((
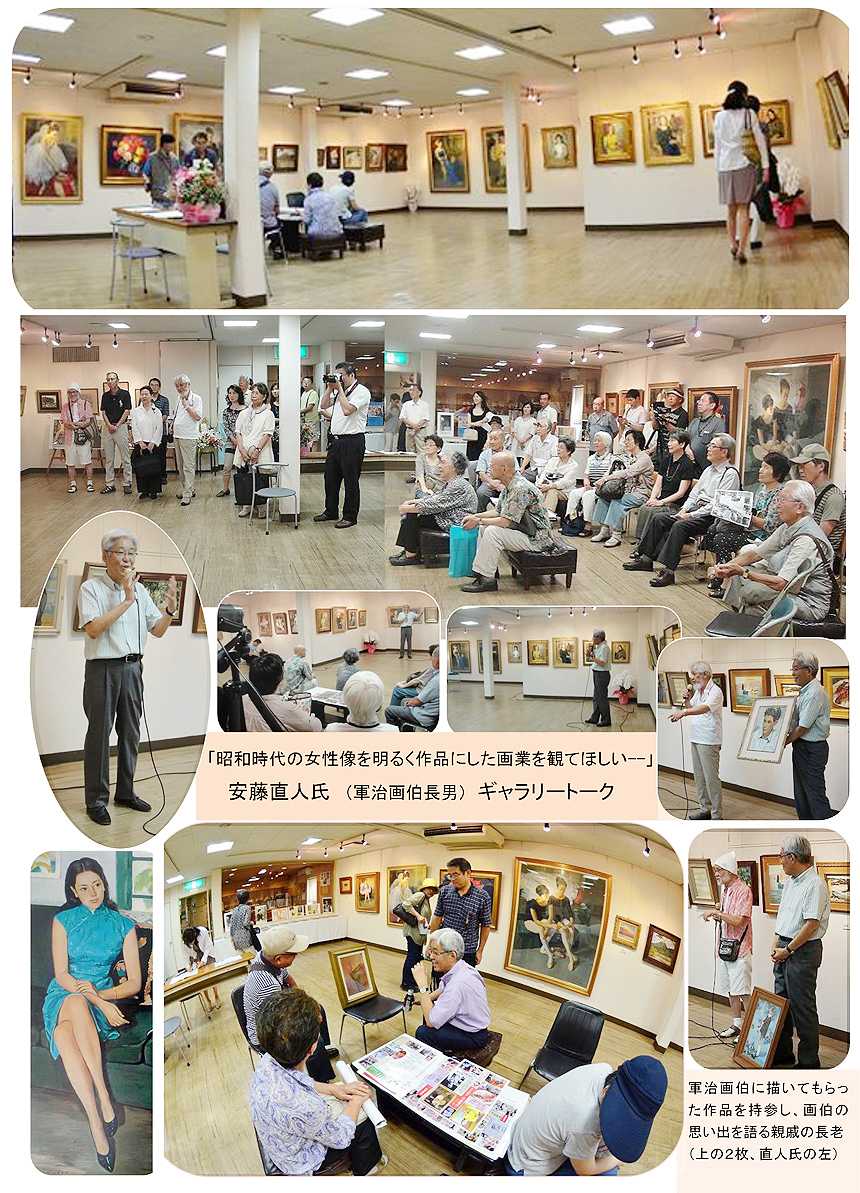 展示された作品は軍治の遠縁にあたる剱持雅章さん(学校法人「平塚学園」)が30年間に渡って収集したものです。会期中の8月23日(日)午後、画伯の長男、安藤直人さん(東京大学名誉教授)のギャラリートークが行われました。安藤さんの専門は「木質構造学」。全くの偶然ですが父の生家の「材木店」と<木材>でつながっていたのです。そんなエピソードを交えながら父親像と作品を解説。「実は、美校への入学は彫刻でした。絵の具が買えなかったからです。(遺品の)スケッチブックなどをみると、小さい頃から教師や友達の似顔絵を描いていました。それだけ、画が好きだったのです」「父の画は、モデルの顔が写真のように似ている『肖像画』ではなく、モデルに似ている似ていないではなくモデルを幅広く立体的にとらえた『人物画』と言えます。そして、戦後の昭和の時代にあって女性を明るく描き、画そのものも大変素直に描いています」。
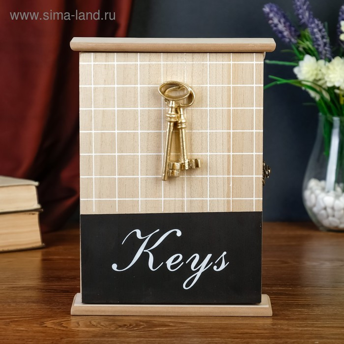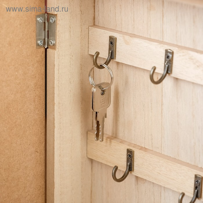 Ключница дерево 5 крючков "Ключи и клетка" 26х19х6 см
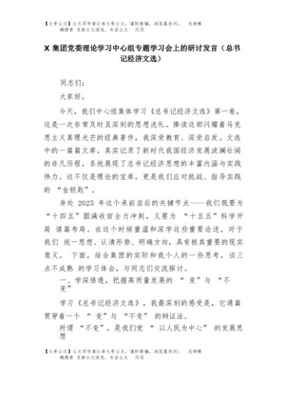 【七哥公文】2025年:Xxx集团党委理论学习中心组专题学习会上的研讨发言(总书记经济文选)+更多免费公文+VX:QiGeGongWen2024
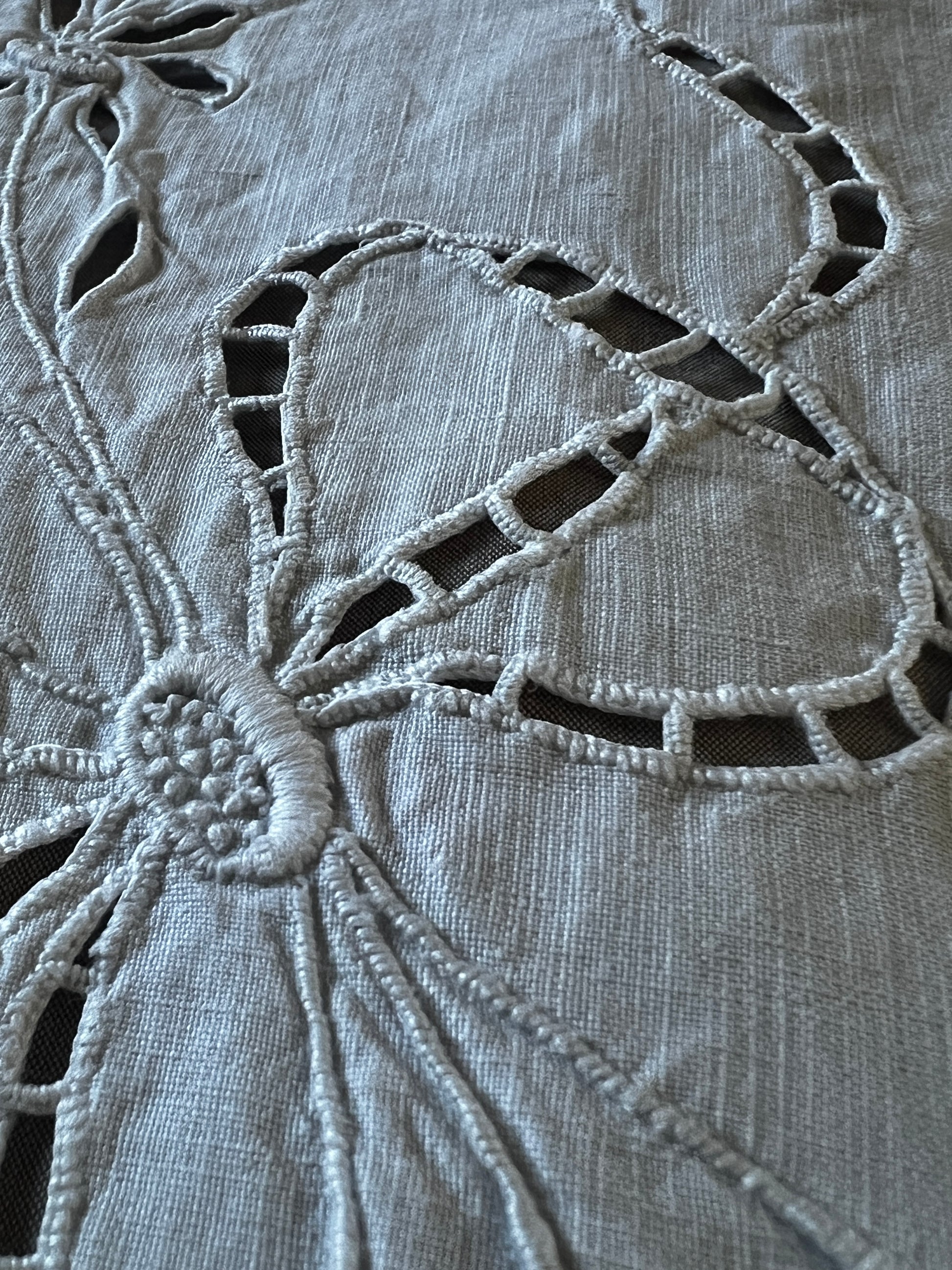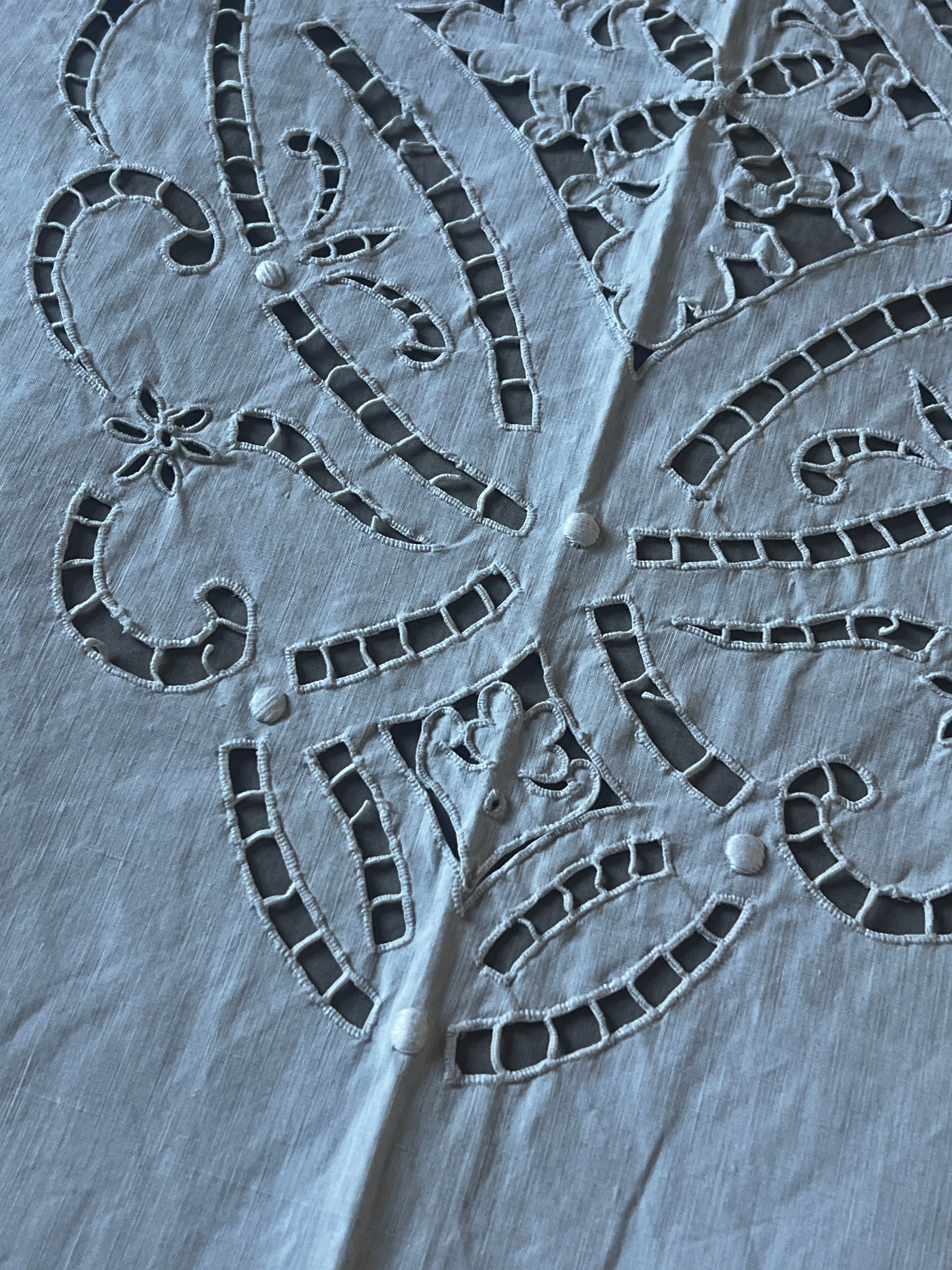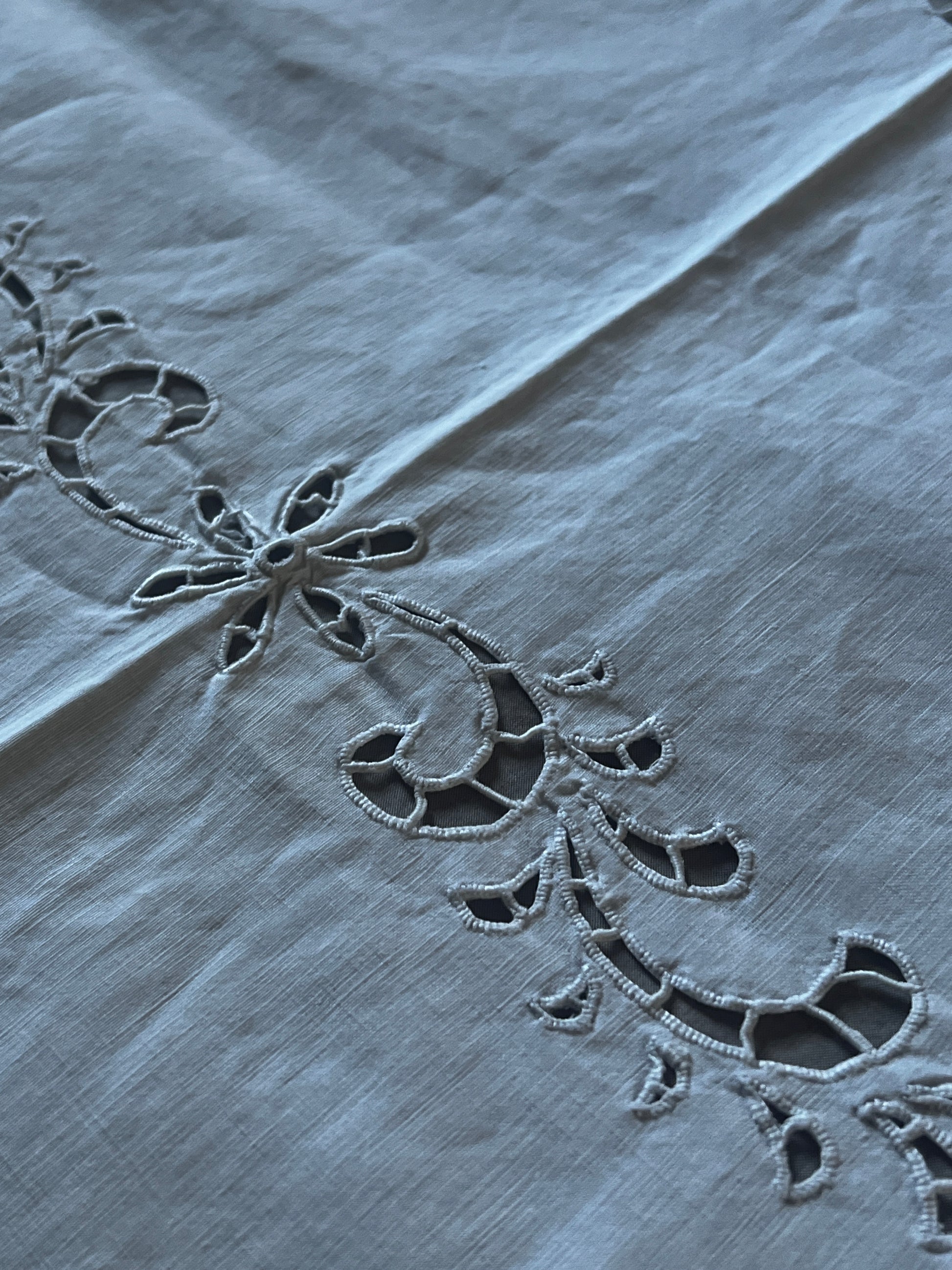 白刺繍とカットワークで丁寧にデザインされた大判のクロスです
))
Activity: Without the pictures, give every line of the data again, exactly as written.

Result of this exercise:
 展示された作品は軍治の遠縁にあたる剱持雅章さん(学校法人「平塚学園」)が30年間に渡って収集したものです。会期中の8月23日(日)午後、画伯の長男、安藤直人さん(東京大学名誉教授)のギャラリートークが行われました。安藤さんの専門は「木質構造学」。全くの偶然ですが父の生家の「材木店」と<木材>でつながっていたのです。そんなエピソードを交えながら父親像と作品を解説。「実は、美校への入学は彫刻でした。絵の具が買えなかったからです。(遺品の)スケッチブックなどをみると、小さい頃から教師や友達の似顔絵を描いていました。それだけ、画が好きだったのです」「父の画は、モデルの顔が写真のように似ている『肖像画』ではなく、モデルに似ている似ていないではなくモデルを幅広く立体的にとらえた『人物画』と言えます。そして、戦後の昭和の時代にあって女性を明るく描き、画そのものも大変素直に描いています」。
 Ключница дерево 5 крючков "Ключи и клетка" 26х19х6 см
 【七哥公文】2025年:Xxx集团党委理论学习中心组专题学习会上的研讨发言(总书记经济文选)+更多免费公文+VX:QiGeGongWen2024
 白刺繍とカットワークで丁寧にデザインされた大判のクロスです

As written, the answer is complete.